I am currently adapting an Android app to follow the design guidelines more and more.
One thing I am doing is removing the right carets as suggested. While this works fine for listview where each row is clickable, I have a bunch of views that display a lot of data in a list-sort kind of layout and only some of them trigger actions like downloading a document, going to a details screen or watching a video. At the moment I am indicating that these rows have an action with a right caret.
It seems like there are no patterns for more complex screen designs like this. Any suggestions on what do to?
E.g in the screen below if there is the right caret on the Order Items line you can navigate to an additional screen. Same for the Order Status screen - in some circumstances you can view more information about the order and then the right caret becomes visible..

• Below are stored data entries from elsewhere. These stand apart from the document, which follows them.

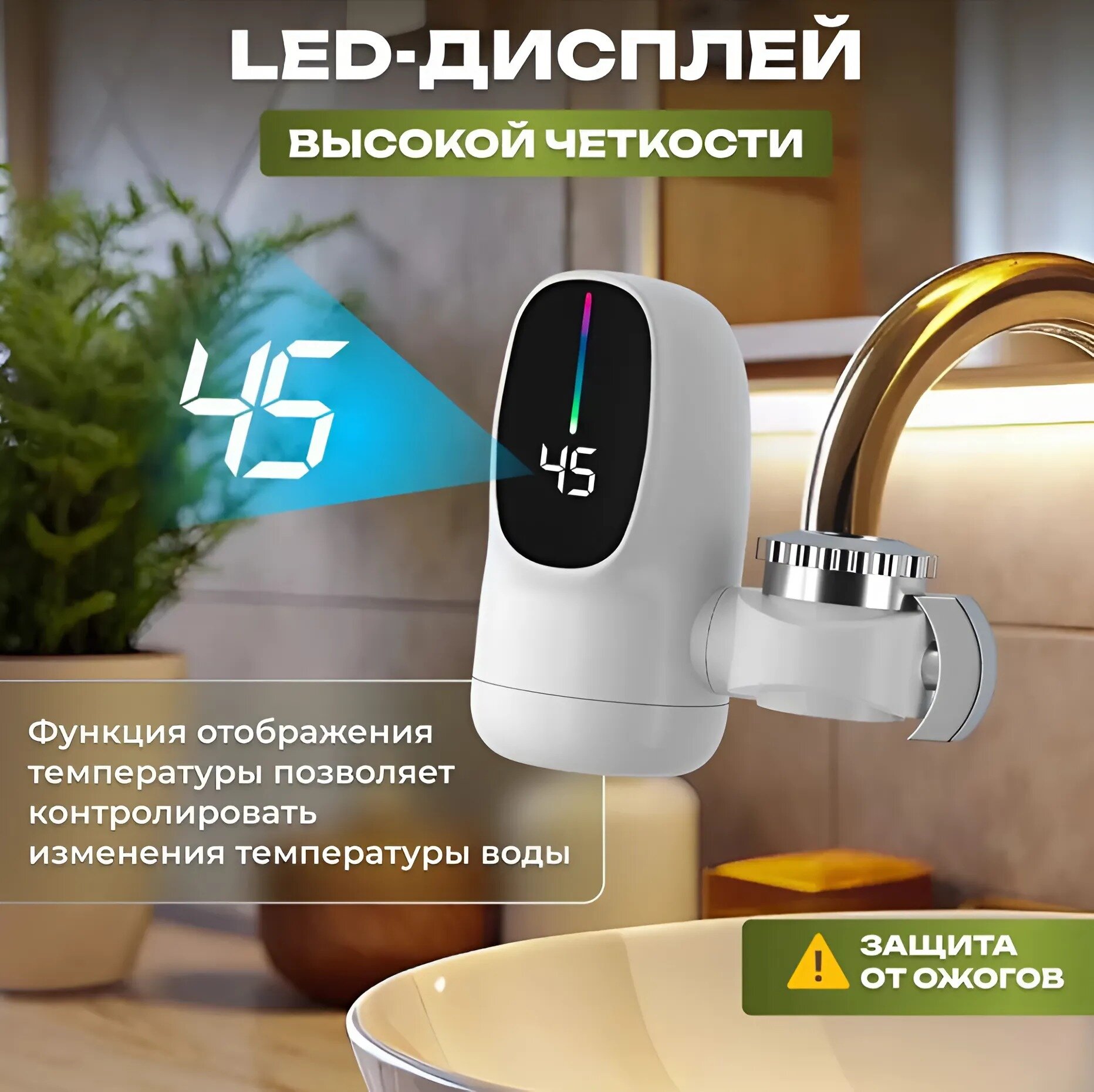 Электрический проточный водонагреватель на кран с дисплеем и регулировкой температуры воды информация:
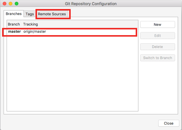 The previous step will open the following window. You can see that by default, the "Branches" tab is selected, which shows all the branches cloned locally and it will be master, by default. Click on ‘Remote Sources’ tab as highlighted.
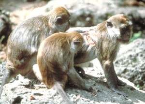 23.Aureli, Filippo (1992). "Post-conflict behaviour among wild long-tailed macaques, (Macaca fascicularis)". Behavioral Ecology and Sociobiology 31: 329–337. doi:10.1007/bf00177773.
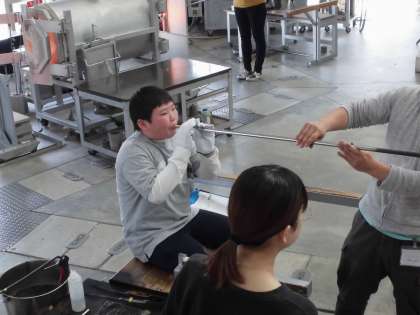 富山ガラス工房で卒業制作のガラスコップを作りました。初めてのガラス作り体験でも丁寧に教えていただき、全員が上手に作ることができました。今から完成が楽しみです。
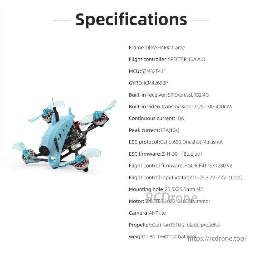 مشخصات FPV 1.6 اینچی Drashark V2: قاب DRASHARK، کنترلر AIO SPECTER 10A، MCU STM32F411، ژیروسکوپ ICM42688P، گیرنده SPIExpressLRS2.4G، انتقال تصویر 0-400 میلی وات، جریان مداوم 10 آمپر، پروتکل Dshot600 ESC، فریمور ZH-30، کنترل پرواز HGLRCF411SX1280 V2.

I could replace the right caret icon with more specific icons for each use case, but for example for going to a detail screen the right caret seems perfectly fine.
Answer
+1 to both Vitaly and Paul's answers. I would also mention that if a list item has a secondary action, one option is to supply a full-height icon button (not visually a button per se just a touchable region) with a separator to indicate the action. Another option is to expose contextual actions using the contextual action bar (CAB), triggered on long press.
Additionally, in your screenshot I'd recommend removing the extra rounded rectangles around list items (we should add this to the Pure Android section of Android Design). If you need to group items, consider using header rows instead.